New program helps children deal with death
Death can be a pill that’s difficult to swallow, especially if you’re a child, said Kathryn Hill, Tahoe Forest Hospice bereavement coordinator.
The local hospice recently received funding that will fill a void in their bereavement counseling services, which didn’t provide any support specific to children.
“Adults grieve very differently than children grieve,” Hill said. “We wanted to provide that education that children process grief very differently than adults.”
Tahoe Forest Hospice has always provided bereavement follow-up care to clients 13 months after the death of a family member or friend, but the support has never been specifically for children and their families.

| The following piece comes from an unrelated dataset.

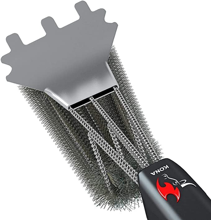 When you’re ready to cook, cleaning the grill is a necessary evil you want to be done with as quickly as possible. This combo scraper and steel-bristle brush is the tool that will get you there. The ridged metal end scrapes off crud while the brush takes care of the finish work. The long handle is easy to grip and sturdy.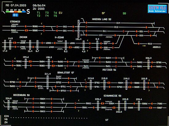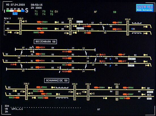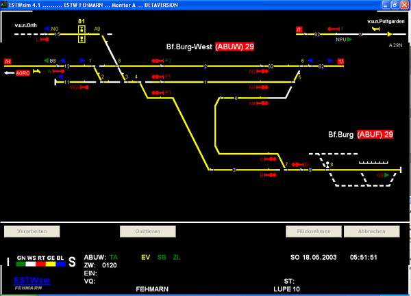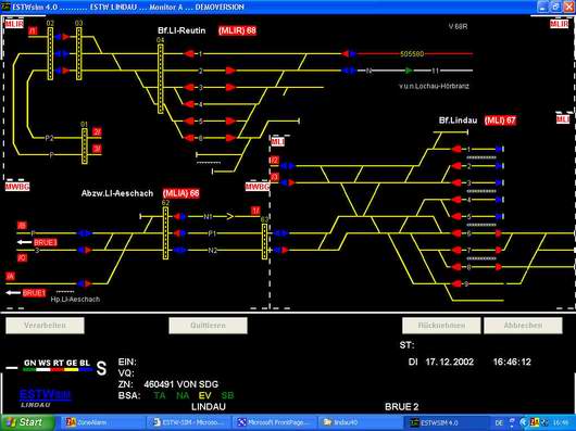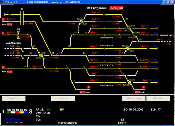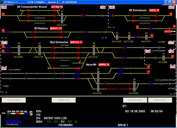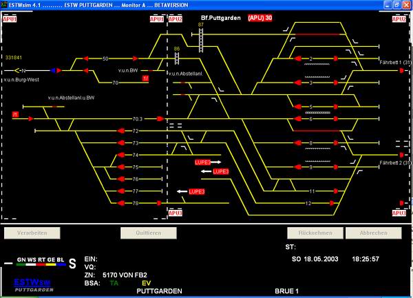 B1. Dieses Simulationsprogramm simuliert das ESTW Stellwerk 'Wittenberge' der

Hill was looking for ways to create a child bereavement program for the local hospice, but Tahoe Forest Hospice already operates with a 12 percent shortfall that is paid for by Tahoe Forest Hospital, according to hospice statistics.
That’s when Randy Hill, no relation to Kathryn Hill, came along. The Tahoe Vista resident recently lost his wife, Renee, to cancer and wanted to make a donation to Tahoe Forest Hospice in her name. Renee Hill loved children, so hospice saw an opportunity to start a bereavement program for children.
The donation, which Kathryn Hill would only describe as “very generous,” will fund two hospice programs.
One, called Renee’s Place, will provide 20 to 25 books on child bereavement this fall to six public libraries and 16 public schools in hospice’s 4,900-square-mile coverage area. The books will have age-appropriate information for children and adults on grief.
“What you tell a 5 year old is not what you are going to tell a 15 year old,” Kathryn Hill said. “Their concepts of life and death are very different.”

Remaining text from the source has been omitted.